For me all was well until I ran through a series of reboots for Windows Updates and my Windows 7 64 bit Professional PC had a problem with one. I have seen this problem before and this time I tried everything listed below but in the end the fix for me was to CHECKDISK with repair switches (/F /R) the drive as detailed in number 5 below:
- Unplug EVERYTHING you can from the machine: printers, wireless NIC’s… and try to boot up
. - Try LAST KNOWN GOOD in the F8 boot menu.
. - press the left SHIFT key 5 times quickly. This should load the STICKY KEYS, EASE OF USE tool and will tell you if your operating system is responding at all.

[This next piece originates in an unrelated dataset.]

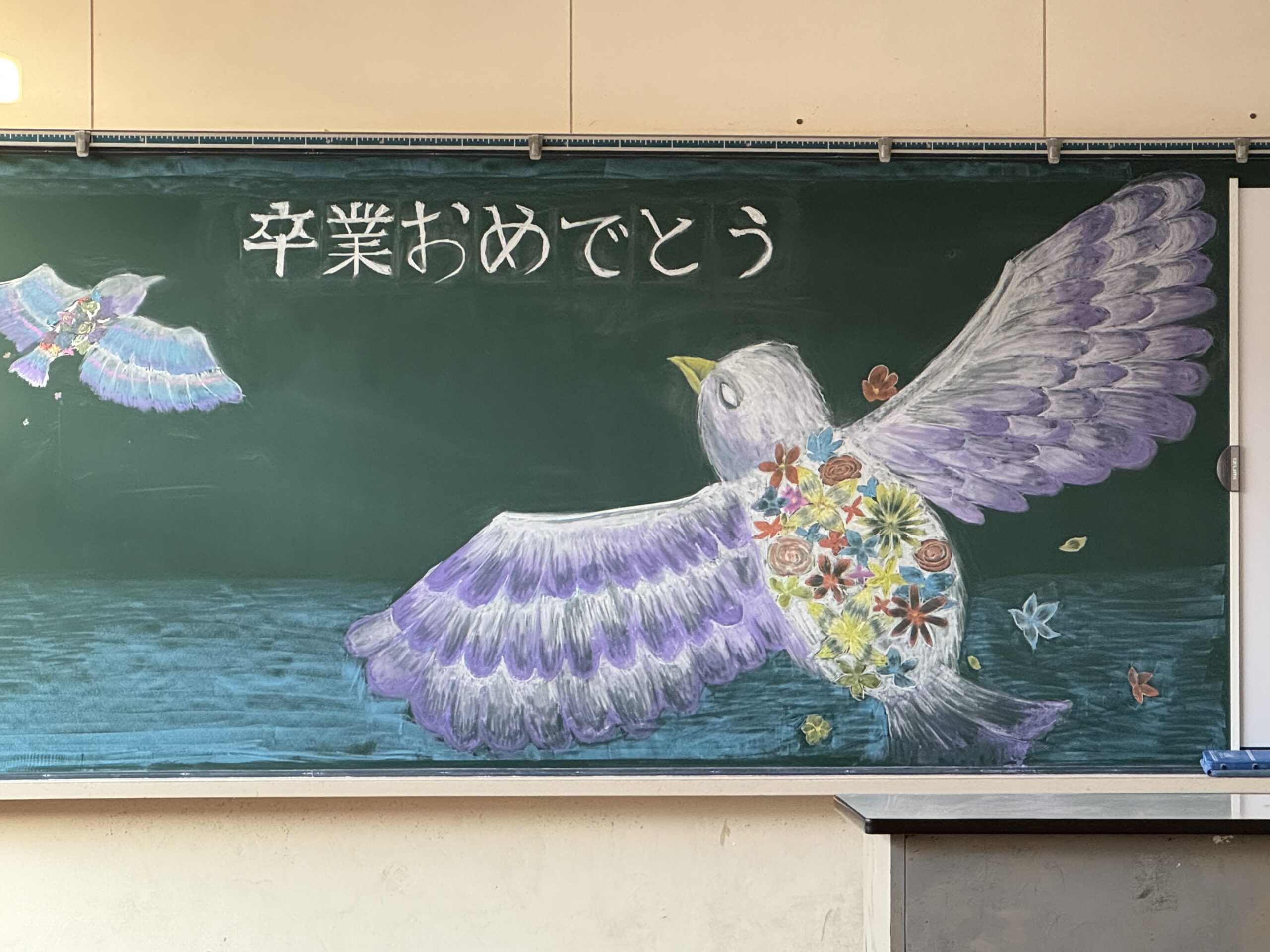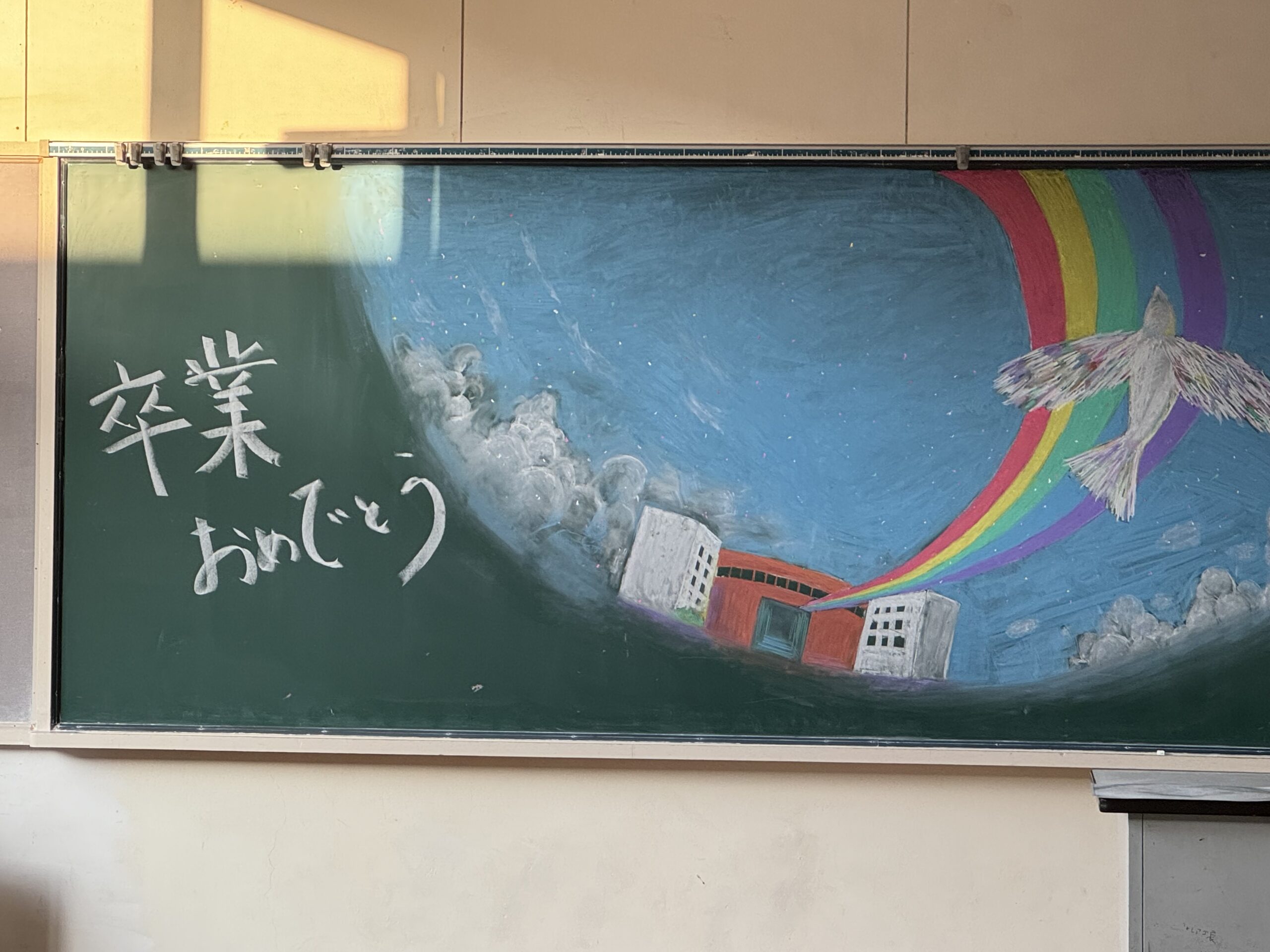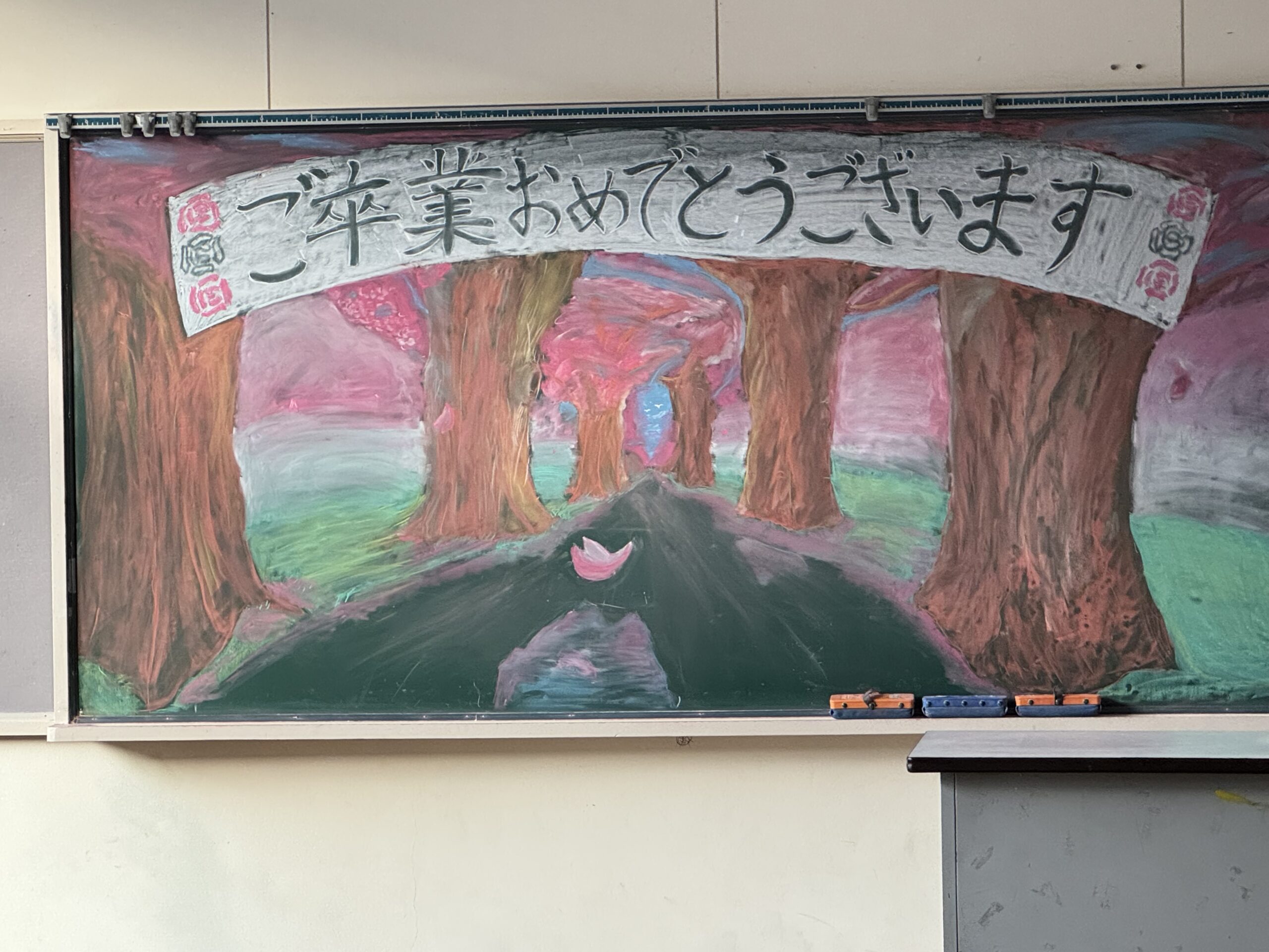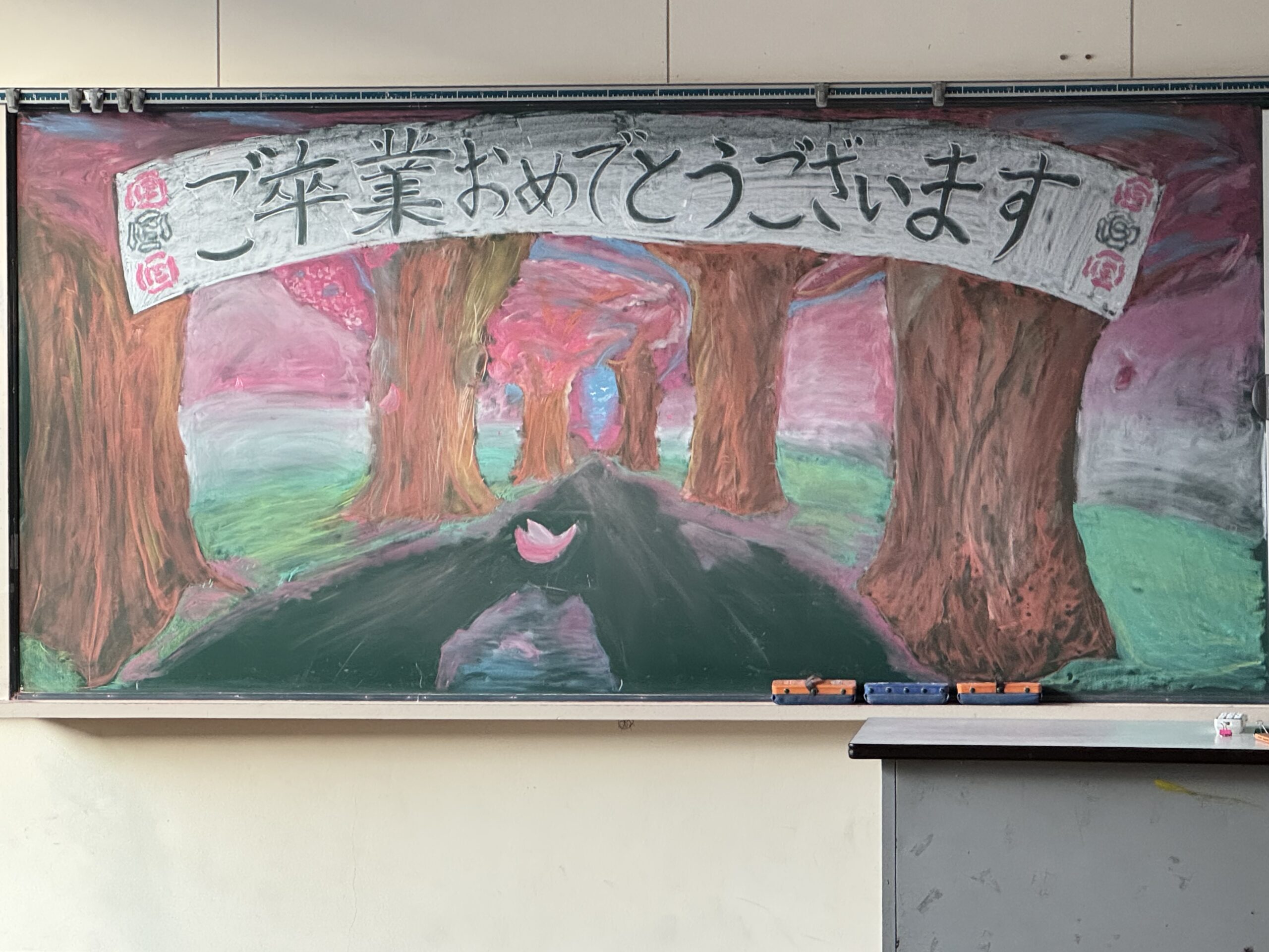 卒業生の各教室には生徒による黒板アートが描かれています。

. - press CONTROL + ALT + DEL, bring up a TASK MANAGER, END TASK on EXPLORER.EXE if it is in the PROCESS LIST, then click FILE, RUN and type EXPLORER.EXE . Perhaps Explorer has just crashed and you need restart it.
. - Get your PC / Laptop into REPAIR mode (one way to do this is to boot from the Windows DVD, and choose the small REPAIR link at the bottom left), then bring up a COMMAND PROMPT and run CHKDSK D:\ /F /R (note that in my case D:\ was the drive letter for my primary partition when booted from the DVD).

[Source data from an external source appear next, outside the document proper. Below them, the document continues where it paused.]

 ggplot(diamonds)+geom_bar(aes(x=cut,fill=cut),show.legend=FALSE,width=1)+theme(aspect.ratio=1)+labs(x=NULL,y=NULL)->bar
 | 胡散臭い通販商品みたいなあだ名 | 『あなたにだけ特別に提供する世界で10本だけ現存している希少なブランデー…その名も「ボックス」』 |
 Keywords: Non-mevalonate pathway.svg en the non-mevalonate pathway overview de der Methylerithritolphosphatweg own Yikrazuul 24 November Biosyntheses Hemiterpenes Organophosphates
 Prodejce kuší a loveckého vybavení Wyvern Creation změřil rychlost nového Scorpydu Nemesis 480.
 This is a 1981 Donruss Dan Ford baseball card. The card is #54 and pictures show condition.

. - Get your PC / Laptop into REPAIR mode and try to restore to a PREVIOUS VERSION.
UPDATE: It turns out that the hard drive is bad according to Seagates SEATOOLS and so I used EASUS TODO BACK UP to clone (ghost) the disk onto a new disk and now all is well. The CHKDSK was at least good enough to get my Windows operational so I could easily clone it.
6 Comments
danredge · September 25, 2021 at 11:59 am
For me the problem was the resolution of the screen. (The VM had automatically changed for an unknow reason. I have force the Resolution to be the same as my host and then everything was working perfectly 🙂 Hope it help someone else.
Idrees · January 14, 2015 at 2:32 am
What a sloution dude. You saved me getting my ass kicked
bakemeacake · July 8, 2014 at 2:09 pm
You didn’t solve anything.
This is just a workaround to a Microsoft bug they do not appear to be able to fix.

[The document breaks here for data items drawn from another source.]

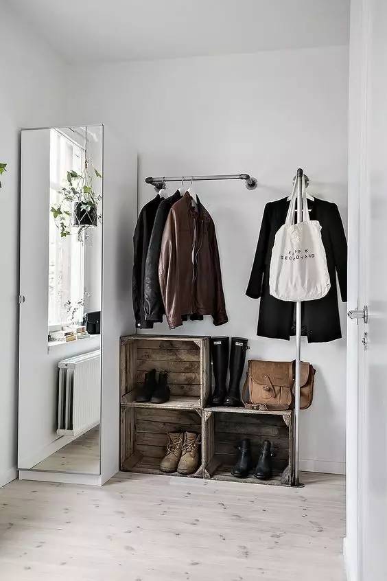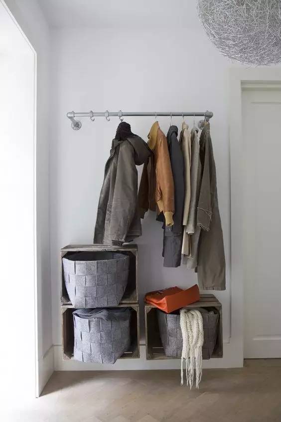 一点非正统的文艺小做法:水管衣帽架 + 运输用木盒 ,工业气质满分,前提是你不能是蜈蚣精。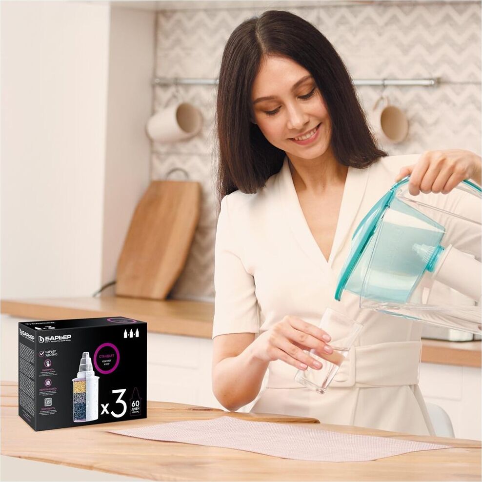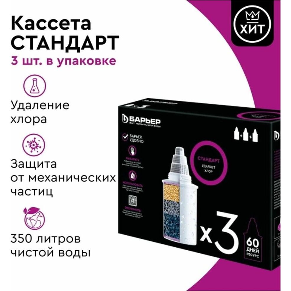 Кассета «Барьер Стандарт» Выгодная покупка х 3 шт в коробке. Устраняет: хлор, свинец, ртуть, ржавчина, песок, другие твердые частицы, побочные продукты хлорирования. Ресурс кассеты составляет 350 литров. Кассета «БАРЬЕР Стандарт» подходит ко всем фильтрам-кувшинам БАРЬЕР.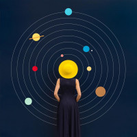 the solar system with planets (including Earth) arranged along an elliptical orbit around the sun. This image is likely intended to represent the concept of our solar system and its relationship through gravity.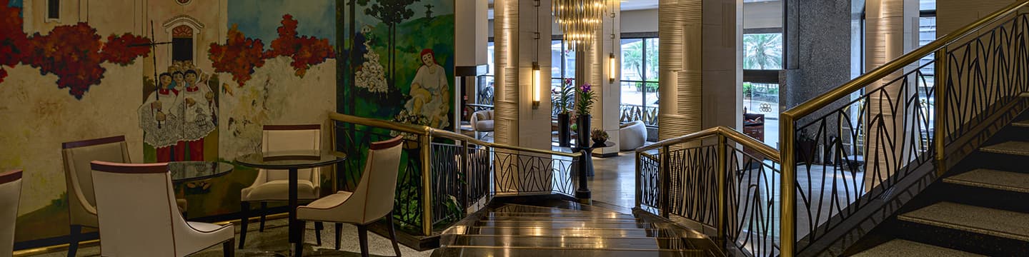 Exclusiva suíte de 57 m² com cama king size e sala de estar privativa. O ambiente sofisticado conta com duvet 100% algodão 400 fios, roupão, chinelos e kit de amenidades diferenciado, além de máquina de café expresso e espaço para trabalho.

The permanent fix appears to be switch to Linux or buy a MAC.
Ian Matthews · July 30, 2014 at 9:00 pm
Correct, this is a work around, but changing Operating Systems is hardly practical.
Charlie · June 16, 2014 at 8:20 am
My computer wasn’t responding at all to ctrl alt delete, but your suggestion to try stickykeys by pressing shift a bunch did help.
1. press shift a bunch
2. go to control panel from dialogue box
3. search to open task manager
4. run new process
5. enter explorer and press enter
Mark Judge · January 3, 2013 at 2:39 am
I had similar issue on windows 7 which only happened when my laptop was connected to the domain. It turned out to be because my windows password had expired. Resetting the password resolved the issue.